* **THE PROBLEM**
Take the entries below and reproduce exactly the portion that begins at the line containing "The image depicts" and ends at the line containing "01.43 На сцене", keeping both ends, dropping pictures, and adding nothing else.

** Opening DATASET CONTENT block **

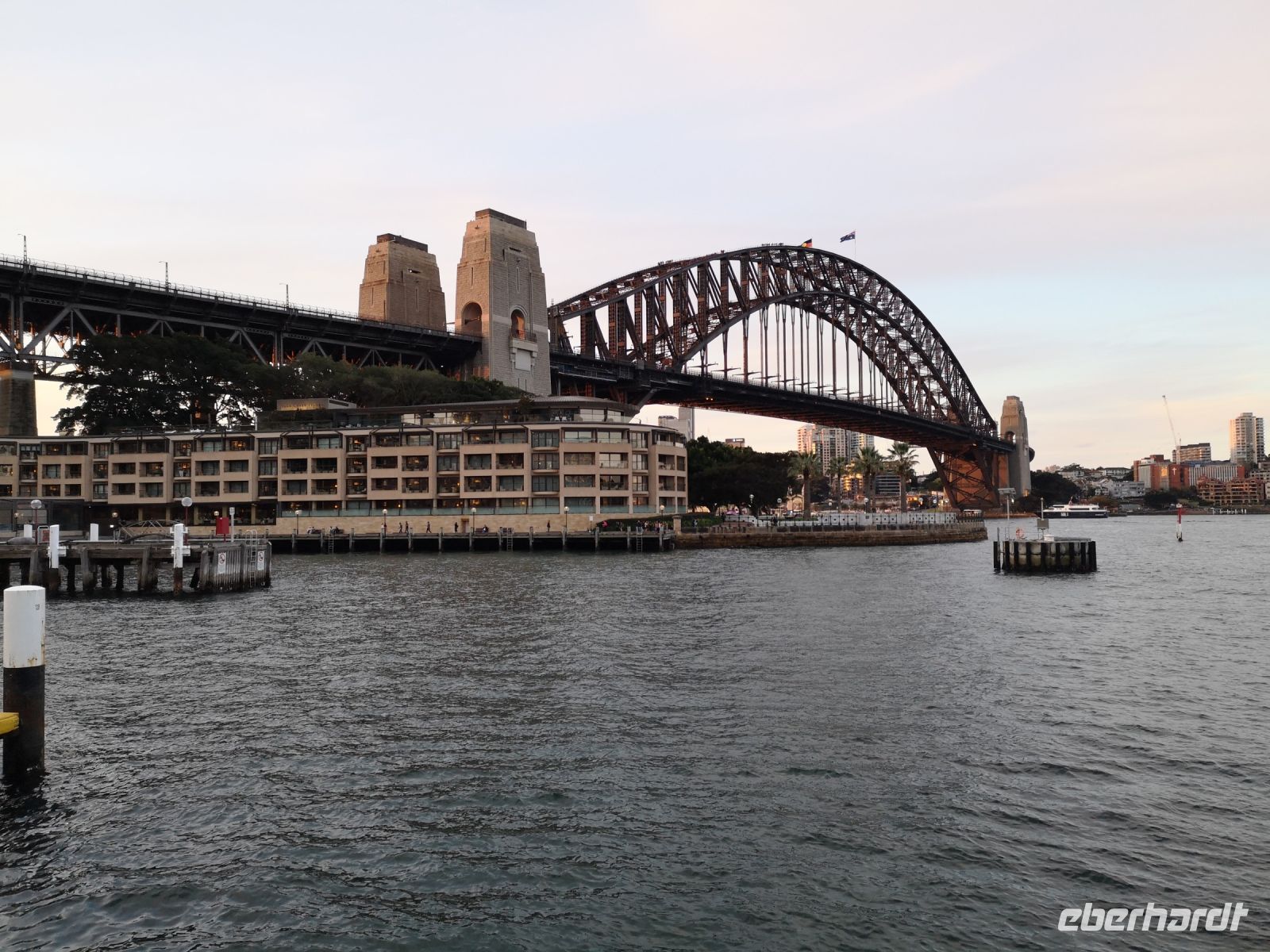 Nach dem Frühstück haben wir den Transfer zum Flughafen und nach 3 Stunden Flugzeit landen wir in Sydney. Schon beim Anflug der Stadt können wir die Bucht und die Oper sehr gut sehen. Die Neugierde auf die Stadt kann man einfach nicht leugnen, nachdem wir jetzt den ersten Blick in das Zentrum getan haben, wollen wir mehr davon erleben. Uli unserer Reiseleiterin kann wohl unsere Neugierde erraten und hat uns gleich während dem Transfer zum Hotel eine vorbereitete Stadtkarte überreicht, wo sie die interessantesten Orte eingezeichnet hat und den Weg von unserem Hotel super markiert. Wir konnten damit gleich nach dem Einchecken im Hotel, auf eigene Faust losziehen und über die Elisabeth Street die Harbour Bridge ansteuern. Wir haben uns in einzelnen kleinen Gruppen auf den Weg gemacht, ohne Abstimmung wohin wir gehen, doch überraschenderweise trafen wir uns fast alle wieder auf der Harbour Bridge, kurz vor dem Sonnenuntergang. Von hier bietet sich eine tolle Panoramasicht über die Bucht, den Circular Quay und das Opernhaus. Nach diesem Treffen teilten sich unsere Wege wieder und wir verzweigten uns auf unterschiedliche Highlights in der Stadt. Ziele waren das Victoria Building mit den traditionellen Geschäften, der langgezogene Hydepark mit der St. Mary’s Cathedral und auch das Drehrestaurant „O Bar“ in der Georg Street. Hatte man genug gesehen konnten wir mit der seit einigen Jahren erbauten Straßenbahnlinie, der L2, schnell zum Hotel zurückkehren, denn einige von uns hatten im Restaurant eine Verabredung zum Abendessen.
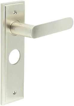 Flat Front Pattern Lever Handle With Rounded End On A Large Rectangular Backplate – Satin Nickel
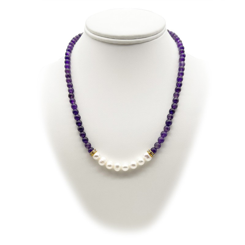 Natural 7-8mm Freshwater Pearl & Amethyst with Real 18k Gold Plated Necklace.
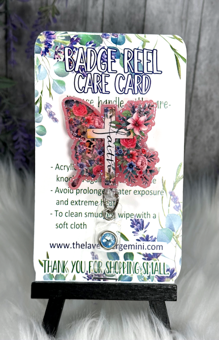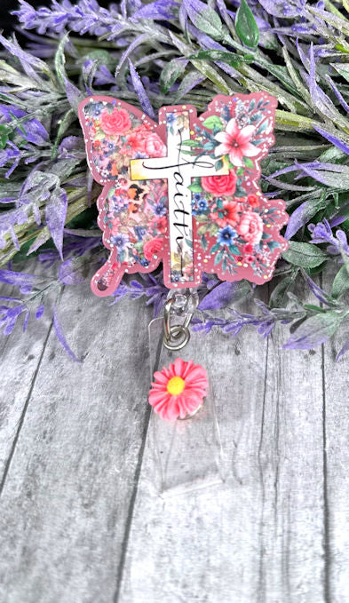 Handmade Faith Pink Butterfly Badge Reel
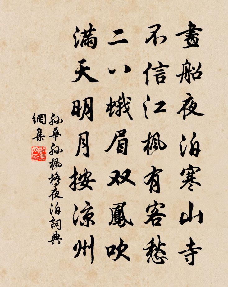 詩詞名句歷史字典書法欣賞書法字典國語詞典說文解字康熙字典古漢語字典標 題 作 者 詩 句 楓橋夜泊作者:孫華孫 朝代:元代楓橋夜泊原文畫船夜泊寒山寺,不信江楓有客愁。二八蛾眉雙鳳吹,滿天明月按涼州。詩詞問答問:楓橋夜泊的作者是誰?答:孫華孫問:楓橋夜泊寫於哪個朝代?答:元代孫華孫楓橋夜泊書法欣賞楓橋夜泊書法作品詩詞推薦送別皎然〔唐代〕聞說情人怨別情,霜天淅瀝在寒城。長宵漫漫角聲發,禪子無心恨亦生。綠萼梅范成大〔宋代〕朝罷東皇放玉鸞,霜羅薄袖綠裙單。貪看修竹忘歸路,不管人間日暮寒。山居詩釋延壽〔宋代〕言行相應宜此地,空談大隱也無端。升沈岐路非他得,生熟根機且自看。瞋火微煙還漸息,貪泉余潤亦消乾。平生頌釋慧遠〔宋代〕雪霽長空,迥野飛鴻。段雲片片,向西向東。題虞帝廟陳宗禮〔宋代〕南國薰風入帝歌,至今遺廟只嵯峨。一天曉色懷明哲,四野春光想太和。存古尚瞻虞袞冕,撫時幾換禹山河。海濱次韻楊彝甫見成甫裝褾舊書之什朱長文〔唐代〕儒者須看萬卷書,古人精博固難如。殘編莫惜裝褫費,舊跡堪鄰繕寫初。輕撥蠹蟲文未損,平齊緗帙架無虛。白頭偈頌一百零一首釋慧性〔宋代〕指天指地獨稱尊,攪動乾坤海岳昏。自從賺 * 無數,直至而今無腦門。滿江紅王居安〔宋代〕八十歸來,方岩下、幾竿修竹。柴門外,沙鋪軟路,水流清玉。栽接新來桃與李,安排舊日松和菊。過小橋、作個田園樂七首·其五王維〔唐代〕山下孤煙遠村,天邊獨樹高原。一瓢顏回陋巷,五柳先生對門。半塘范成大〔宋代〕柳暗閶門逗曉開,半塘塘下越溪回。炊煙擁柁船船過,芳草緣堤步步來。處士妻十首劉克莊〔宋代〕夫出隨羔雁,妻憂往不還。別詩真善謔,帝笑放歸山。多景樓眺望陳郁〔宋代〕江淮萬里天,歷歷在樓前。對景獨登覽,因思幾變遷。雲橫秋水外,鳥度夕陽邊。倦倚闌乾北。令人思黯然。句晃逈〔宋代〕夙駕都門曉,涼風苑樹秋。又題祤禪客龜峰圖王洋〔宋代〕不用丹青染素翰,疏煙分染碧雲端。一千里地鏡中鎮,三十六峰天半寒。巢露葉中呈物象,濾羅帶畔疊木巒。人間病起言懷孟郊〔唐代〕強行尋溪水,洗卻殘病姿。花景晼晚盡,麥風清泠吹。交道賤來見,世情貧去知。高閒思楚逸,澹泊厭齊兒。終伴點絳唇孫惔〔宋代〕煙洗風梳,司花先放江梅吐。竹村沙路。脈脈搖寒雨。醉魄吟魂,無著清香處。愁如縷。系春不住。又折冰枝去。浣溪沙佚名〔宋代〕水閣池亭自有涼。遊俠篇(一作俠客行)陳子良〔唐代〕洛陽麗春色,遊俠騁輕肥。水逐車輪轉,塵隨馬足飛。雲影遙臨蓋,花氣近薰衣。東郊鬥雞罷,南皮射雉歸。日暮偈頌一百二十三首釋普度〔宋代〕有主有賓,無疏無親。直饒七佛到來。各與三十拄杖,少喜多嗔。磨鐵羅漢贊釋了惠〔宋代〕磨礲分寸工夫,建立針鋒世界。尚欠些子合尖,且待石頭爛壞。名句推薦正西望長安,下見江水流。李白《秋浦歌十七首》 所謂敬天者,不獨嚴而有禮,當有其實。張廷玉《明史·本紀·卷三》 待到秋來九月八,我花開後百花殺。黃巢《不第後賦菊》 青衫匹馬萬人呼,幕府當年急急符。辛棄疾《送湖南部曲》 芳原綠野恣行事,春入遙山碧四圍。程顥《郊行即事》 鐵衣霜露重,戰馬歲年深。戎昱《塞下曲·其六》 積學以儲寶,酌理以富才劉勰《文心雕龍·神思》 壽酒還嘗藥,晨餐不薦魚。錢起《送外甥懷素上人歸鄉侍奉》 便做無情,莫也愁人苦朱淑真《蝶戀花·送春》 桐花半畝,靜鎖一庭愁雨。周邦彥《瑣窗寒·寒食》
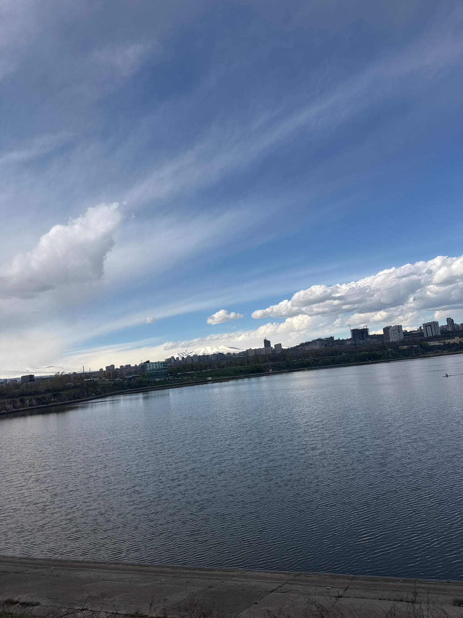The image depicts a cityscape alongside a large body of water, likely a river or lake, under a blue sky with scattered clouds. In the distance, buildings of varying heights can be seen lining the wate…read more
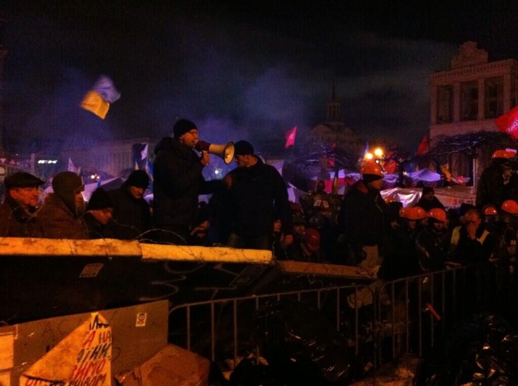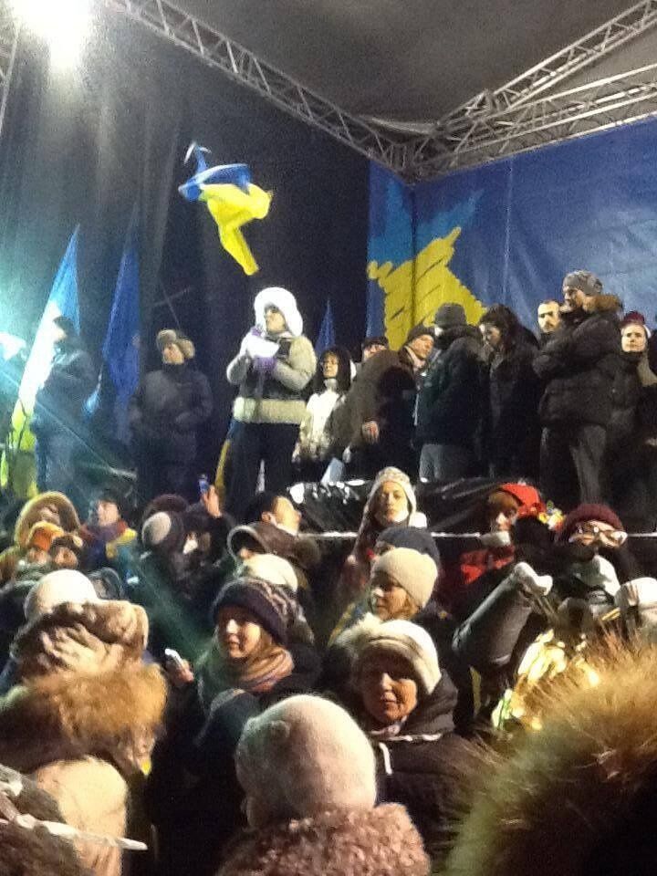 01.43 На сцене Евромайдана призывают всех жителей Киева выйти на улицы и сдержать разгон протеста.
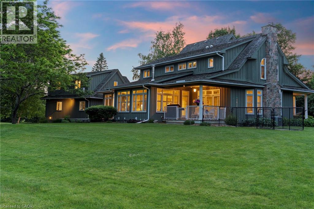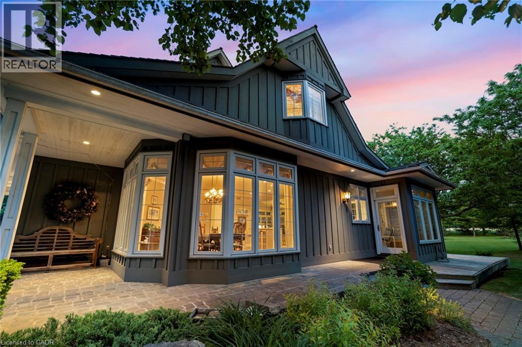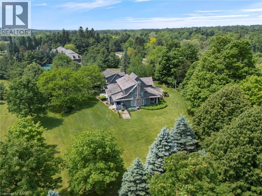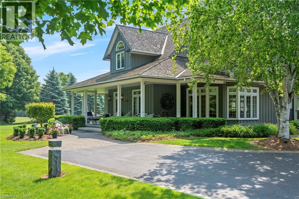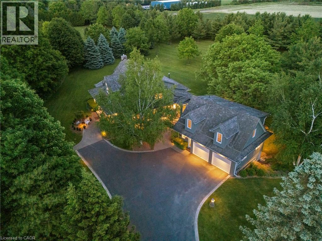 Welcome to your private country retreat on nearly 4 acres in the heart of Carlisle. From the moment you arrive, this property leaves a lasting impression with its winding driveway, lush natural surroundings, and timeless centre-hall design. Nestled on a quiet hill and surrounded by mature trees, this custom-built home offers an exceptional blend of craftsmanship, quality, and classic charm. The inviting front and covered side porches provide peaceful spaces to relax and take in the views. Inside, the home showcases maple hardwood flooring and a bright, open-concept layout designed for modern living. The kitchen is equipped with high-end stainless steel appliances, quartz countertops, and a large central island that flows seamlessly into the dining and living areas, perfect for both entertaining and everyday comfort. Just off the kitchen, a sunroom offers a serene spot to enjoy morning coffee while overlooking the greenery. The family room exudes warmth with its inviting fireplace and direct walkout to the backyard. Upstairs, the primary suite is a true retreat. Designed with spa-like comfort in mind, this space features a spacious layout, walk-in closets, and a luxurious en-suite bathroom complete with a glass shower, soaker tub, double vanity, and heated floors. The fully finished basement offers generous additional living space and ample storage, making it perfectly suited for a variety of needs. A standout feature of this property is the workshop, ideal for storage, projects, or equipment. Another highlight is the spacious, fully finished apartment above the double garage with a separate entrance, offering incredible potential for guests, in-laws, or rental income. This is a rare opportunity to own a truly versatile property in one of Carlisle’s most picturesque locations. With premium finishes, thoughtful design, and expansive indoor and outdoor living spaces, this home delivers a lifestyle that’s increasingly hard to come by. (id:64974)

** Closing DATASET CONTENT block **

* **EXERCISE RESULT**
The image depicts a cityscape alongside a large body of water, likely a river or lake, under a blue sky with scattered clouds. In the distance, buildings of varying heights can be seen lining the wate…read more
 01.43 На сцене Евромайдана призывают всех жителей Киева выйти на улицы и сдержать разгон протеста.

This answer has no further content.